Lemay admits the report was on the FCSLLG's website but says it was hidden behind several layers of security including a password given only to the organization's board of directors.

"You have to go through the back door. You have to be looking for this," he says.

A link to the report was obtained by someone — "likely a disgruntled client" — who hacked the secure portal for board members on the society's website, he said. No staff or board members are suspected of the breach, he said.

"Our suspicion, which is a fairly firm suspicion, is that it is a current client who is very disgruntled, very unhappy with us," he said. "We have contacted the police. Our lawyer has sent a letter to the website owner as well as to this individual telling them what they are doing is, we think, illegal."

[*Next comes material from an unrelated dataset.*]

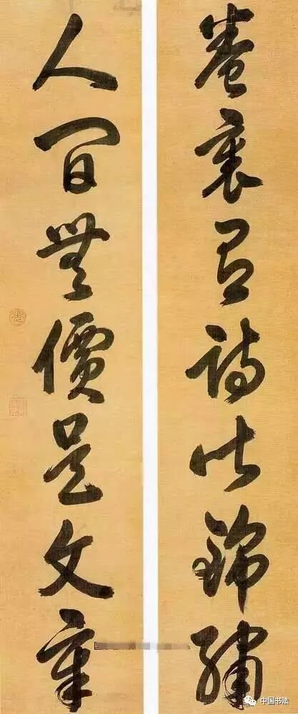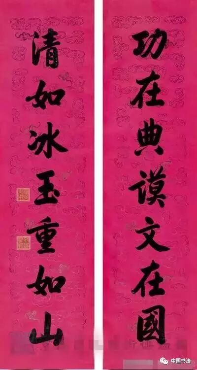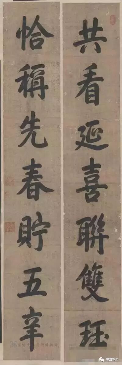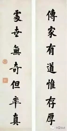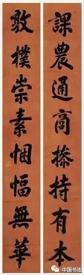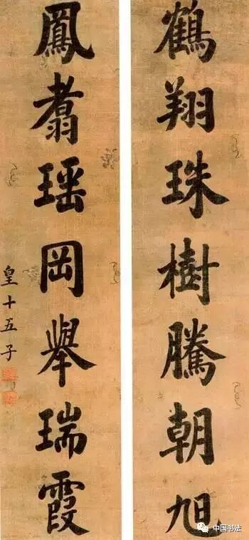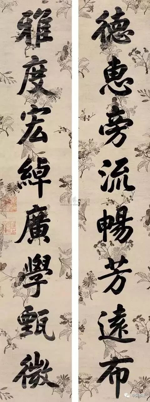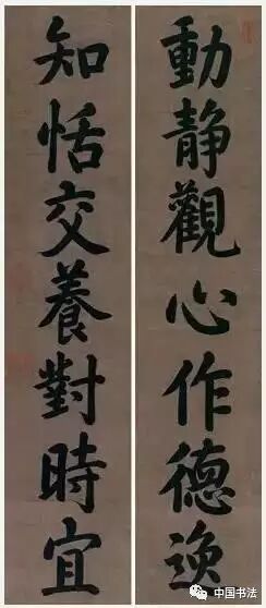 道光皇帝是清代唯一一位以嫡长子身份即位的皇帝。道光皇帝恪勤於治,万机之余,亦以书画自娱。从下面书法对联看,其书法於颜鲁公用力甚多,复用力於虞世南、赵松雪等松秀一路,结体开阔端庄,点画凝重浑厚,气象静穆,自有一种富贵雍容之度。

This is the second time in about three months that the organization has had to take down its website because of security concerns. An outside expert was brought in after a February scare to better secure the website. No sensitive information was revealed or even in danger in the first breach, Lemay says. He says they made the changes and were told the website was secure.

The website has been taken down while experts help the FCSLLG improve its security. This branch of children's aid says it is reviewing its policies when it comes to sensitive information and how it handles such documents.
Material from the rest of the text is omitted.